A lot of my life I have had a love/hate relationship with food. I love that it tastes so good and hate that the things I like to eat have too many calories. I can also be compulsive about eating. If I bring snacks in the house and open them I can’t stop eating until it is gone. Having just one piece isn’t enough. Being at a buffet, like the one in the picture is the worse thing for me. I want to taste a little of everything, mindless eating sets in and when all is said and done I have eaten too much. On the other side of the coin when ever I have gone on a “diet” or tried to adopt an new eating plan I get compulsive about following it exactly and have a hard time stopping when I reach my weight loss goal because I am afraid I will gain it all back.
There is another thing that happens for a lot of women around weight that also happens with me. When I have been at my thinnest and looking my best, my personal space becomes smaller, especially with men. It’s as though men lose their boundaries with attractive women and they get right up next to them to talk. They are more forward and flirty. Not that is a bad thing but when every guy that comes near you does it, it feels intrusive. I don’t know about you but I don’t want every Tom, Dick and Harry flirting with me.
There is an unconscious knowing in women that this will happen, so we use our weight as a form of protection. If we are bigger and less attractive men won’t get up in our faces. In fact they will give us tons of space or not even notice us. Using weight as a form of protection is particularly true with women who have been abused, especially sexually. If a woman has low self esteem and hasn’t embrace her own beauty she will do everything to hide it. She feels unattractive anyway because of her past and the social programing around beauty doesn’t make her feel any better.
When I was young I was the only girl in a family with 3 brothers. They told me constantly that I was ” dumb, fat and ugly” and it was even scratch all over the wallpaper in the hallway that went to my bedroom. It was like a subliminal message to my mind every time I walked past it to get to my room. My parents just left it there so I thought they must believe it too. I wasn’t fat. I was probably 5 foot 2 inches at the time and weighed about 110 pounds, but I believed I was fat. I wasn’t dumb nor was I ugly but I believed that too.
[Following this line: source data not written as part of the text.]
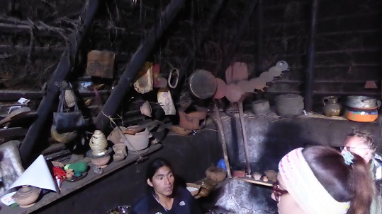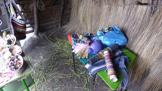 lebendig wirkt. Das die Familie das Steinhaus (links) nicht bewohnt, sondern die Strohhütte ohne Licht und Wasser deutet eher auf einen Zeitsprung innerhalb des Ausflug hin. In der Hütte unten finden sich zur Unterstützung der Authentizität allerlei landestypische Gegenstände und auch Meerschweinchen, die den Schamanen hier zu diagnostischen Zwecken dienen sollen. |
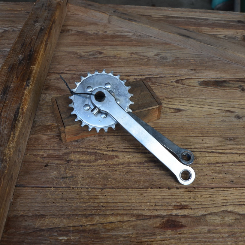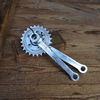 Kurbelgarnitur Keilausf., orig. 50er Jahre, verchromt, gebraucht mit alterstypischen Gebrauchsspuren, siehe Bilder. Kurbellänge: 170 mm. Rares Originalteil für den passenden Klassiker!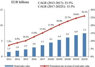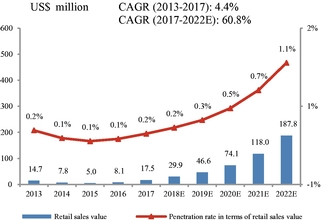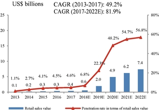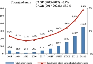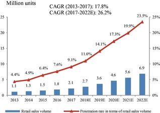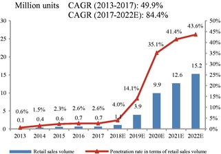 截至2017年12月31日,中国绝大多数电动两轮车都使用铅酸电池。CIC估计,到2022年,锂离子电池驱动的电动两轮车的渗透率(按零售额计算)预计将达到约56.8%。锂离子电池的零售量中国电动两轮车市场从2013年的10万辆迅速增长至2017年的70万辆,在锂离子电池采购成本下降的情况下,复合年增长率为49.9%。到2022年,锂离子电池动力两轮车市场的零售量预计将达到1520万辆,2017年至2022年的复合年增长率为84.4%,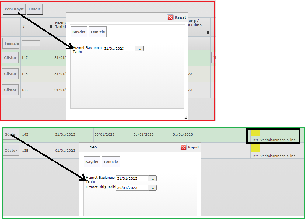 İBYS Durum eğer İBYS silindiden başka bir durumda ise Hizmet Bitiş Tarihi görünmeyecek.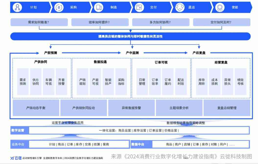 供應鏈上下游協同與智能決策是基于整體供應鏈敏捷性和靈活性需求,基于產銷協同目標和問題導向出發,對整體供應鏈運營形成預測、監測和復盤供應鏈決策智能機制。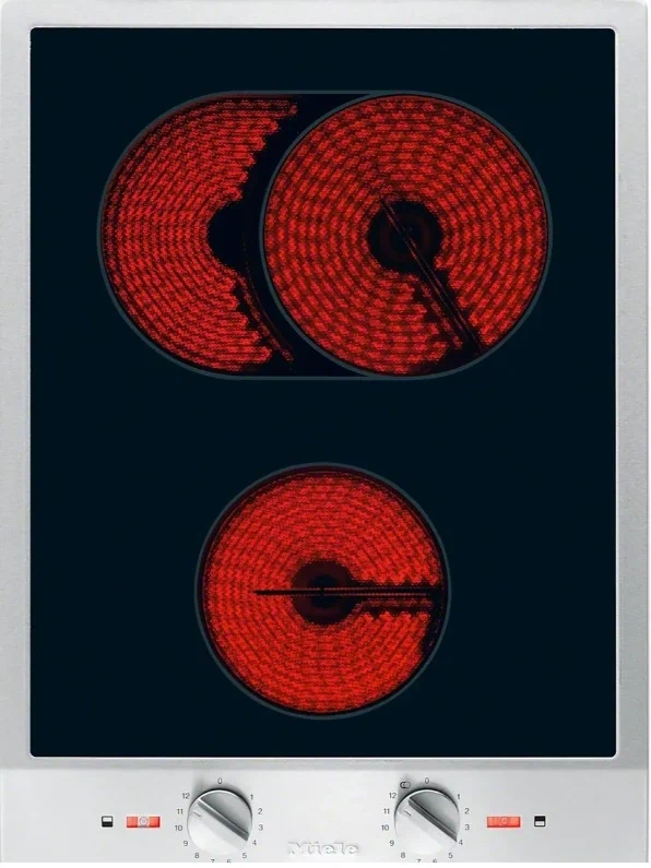הכיריים כוללות 2 אזורי חימום חשמליים קרמיים, כולל אזור בישול/צלייה מתרחב (Bräterzone) המתאים לסירים גדולים ולכלי בישול רחבים.

To this day I still have a skewed perspective on how I look.
When it comes to eating I still have some unconscious voices whispering in my ear. I am very aware of the old programing and how it impacts me but sometimes I slip into old habits.
The second week of my fitness program with Andrea she had me write down everything that I was eating everyday. Right away my inner conflict around food kicked in and those old voices, like “I better not eat this” “what will Andrea think about this if I eat it”, ” what is going to happen if I eat this”, “maybe I shouldn’t eat anything”. I eat a lot healthier than many American’s but I was still concerned it wouldn’t be okay.
When I met with Andrea she made some changes and made a suggestion for how I should eat. My compulsion was off to the races! I wouldn’t let myself deviate from the plan at all, even if I was still hungry. I am not a structured eater and usually eat when I get hungry so the structure was hard. I lost 5 pounds which was awesome but this wasn’t a way of eating that I wanted to stick to for the rest of my life. I am back to a more balanced way of eating that is a combination of both.
You have heard the saying ” you are what you eat”, haven’t you? I wonder how many people have thought ” If I eat this I will end up like a fat pig or a fat cow” after eating pork or beef? I think that is a stupid cliche in a way. It is time to say goodbye to old programming. It is time to give our bodies what they need to run efficiently and keep us strong and healthy. If we ran that program I bet we would be eating in a whole new way.
The point here is that we need to embrace and love all of us, the wonderful and the not so wonderful and tell ourselves we are beautiful just as we are right now. Thoughts become things. They can make us over eat, they can make us feel bad about ourselves and they can make us believe things that aren’t even true. We need to give our self new thoughts to think and drop the chatter that is negative and if we believe we are beautiful right now, because we are and our true beauty will emerge even more.